= Directions =
Look for the line containing "- Black drawstring" and the line containing "女子向けラノベタイトル風あだ名 | 『けいだりかこ姫と円卓の騎士』 |" in the entries below. Copy those two and all lines between them exactly, leaving out pictures.

= Data shown =
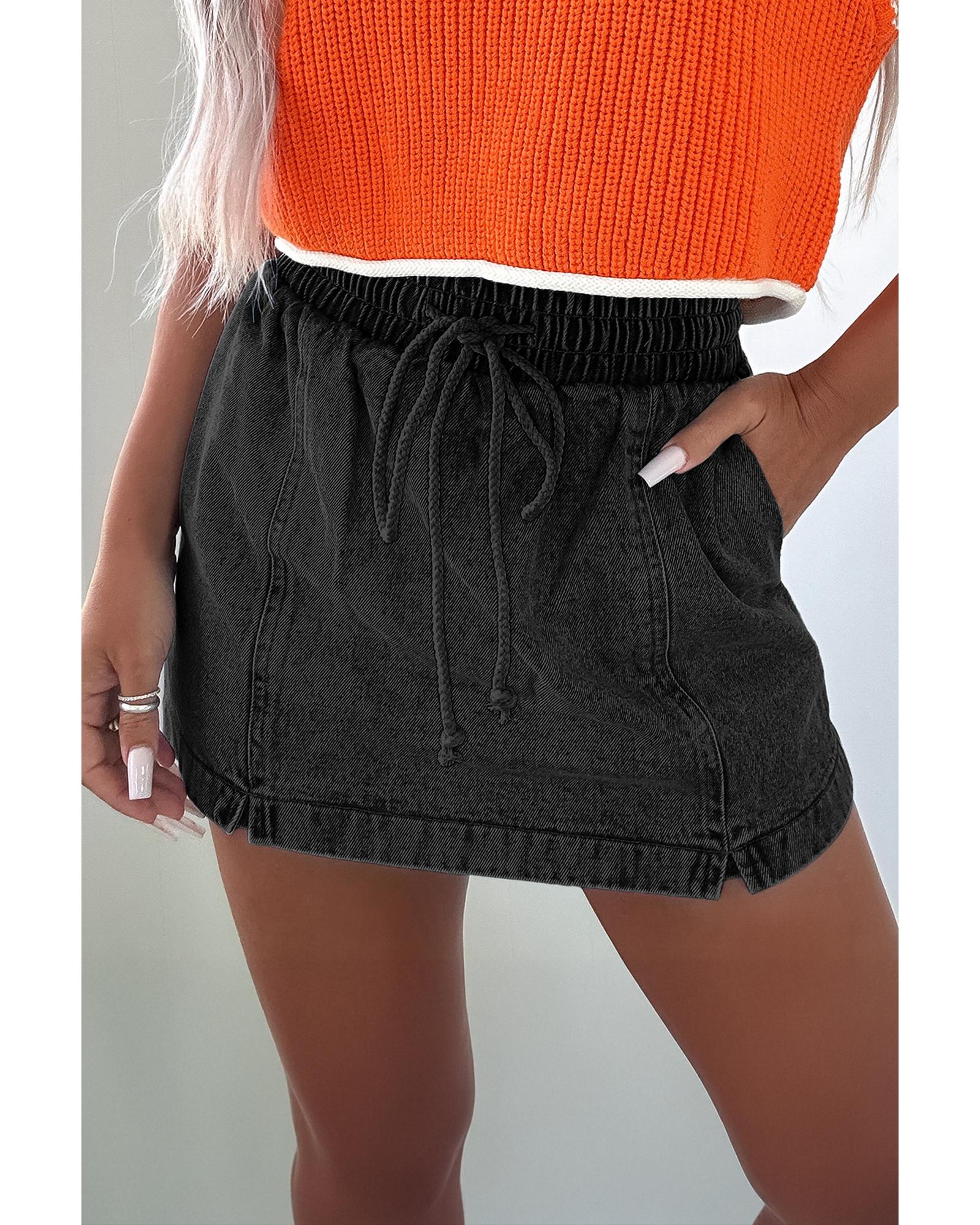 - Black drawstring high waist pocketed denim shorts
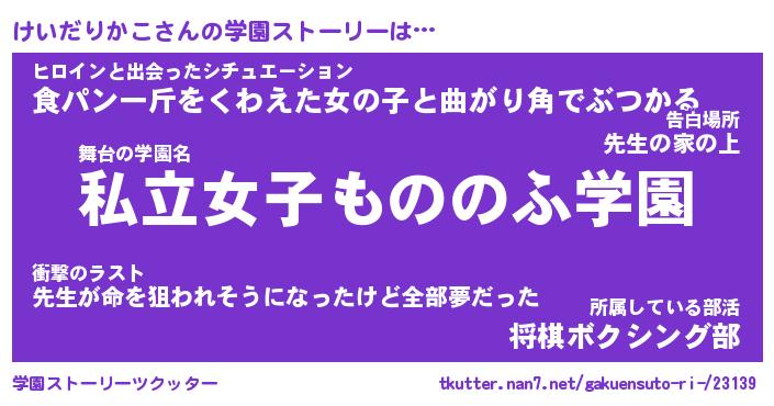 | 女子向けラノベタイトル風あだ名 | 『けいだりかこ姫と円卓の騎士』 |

---

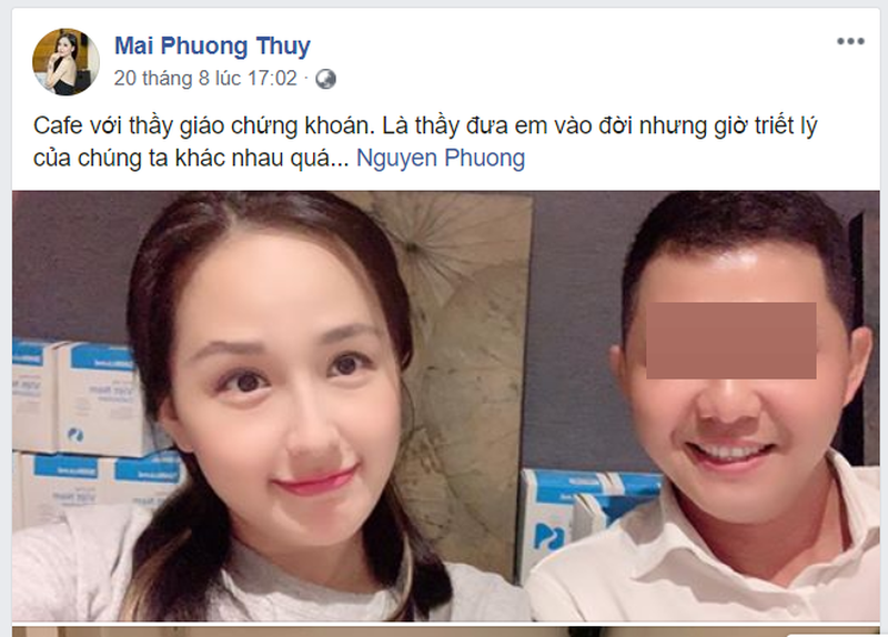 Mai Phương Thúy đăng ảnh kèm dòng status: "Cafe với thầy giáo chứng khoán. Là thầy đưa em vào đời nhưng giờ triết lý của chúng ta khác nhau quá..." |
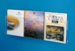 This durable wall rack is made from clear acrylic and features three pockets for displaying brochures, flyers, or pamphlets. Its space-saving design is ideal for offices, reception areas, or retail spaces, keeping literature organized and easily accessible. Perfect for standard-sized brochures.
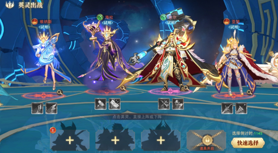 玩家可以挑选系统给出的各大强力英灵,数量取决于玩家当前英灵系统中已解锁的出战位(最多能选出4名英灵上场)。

= Expected answer =
 - Black drawstring high waist pocketed denim shorts
 | 女子向けラノベタイトル風あだ名 | 『けいだりかこ姫と円卓の騎士』 |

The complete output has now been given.